Vertex Looks to Patient Subset as CF Drug Misses Mark in Latest Study
The results are out from Vertex Pharmaceuticals’ (NASDAQ: VRTX) latest cystic fibrosis study. And while the Cambridge, MA-based company didn’t get what it was looking for, it still says the numbers are good enough to bring to the FDA next year.
Vertex announced the results of a late-stage study testing its cystic fibrosis drug, ivacaftor (Kalydeco), in patients with at least one copy of the so-called R117H gating mutation. The study failed to reach its main goal of showing that ivacaftor could significantly improve lung function in the group of 69 patients.

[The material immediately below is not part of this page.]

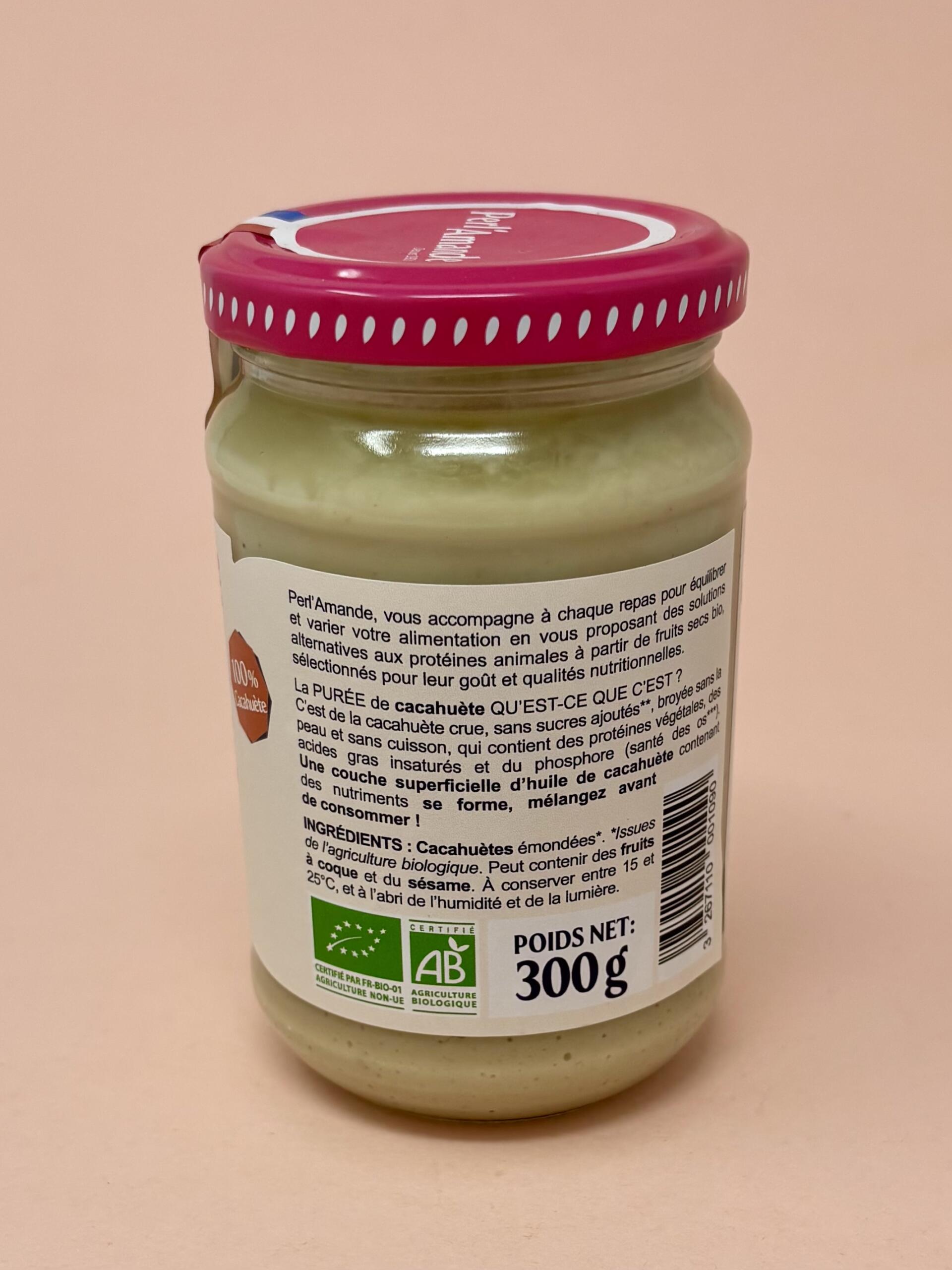 Fabriquée sans torréfaction, cette purée conserve la saveur douce et végétale de la cacahuète à l’état brut. Elle s’intègre facilement aux smoothies, sauces ou en toast pour un encas nutritif.

Vertex, however, still said that a pre-specified subset of patients 18 and over—a group that represented a majority of the patients in the study—did show enough of an improvement for the company to see if the FDA will approve the drug for patients in that age group with an R117H mutation. Specifically, Vertex said 50 of the 69 patients in the study were in this subset, and saw a relative improvement in lung function—as measured by their ability to force air out of their lungs for one second—of about 9.1 percent over the course of the 24-week study.
By comparison, 17 patients between 6 and 11 years old saw their lung function decline by an average of about 2.8 percent.
Vertex also tested two patients between the ages of 12 and 17, but didn’t report those data because the sample size was too small to make a statistical comparison.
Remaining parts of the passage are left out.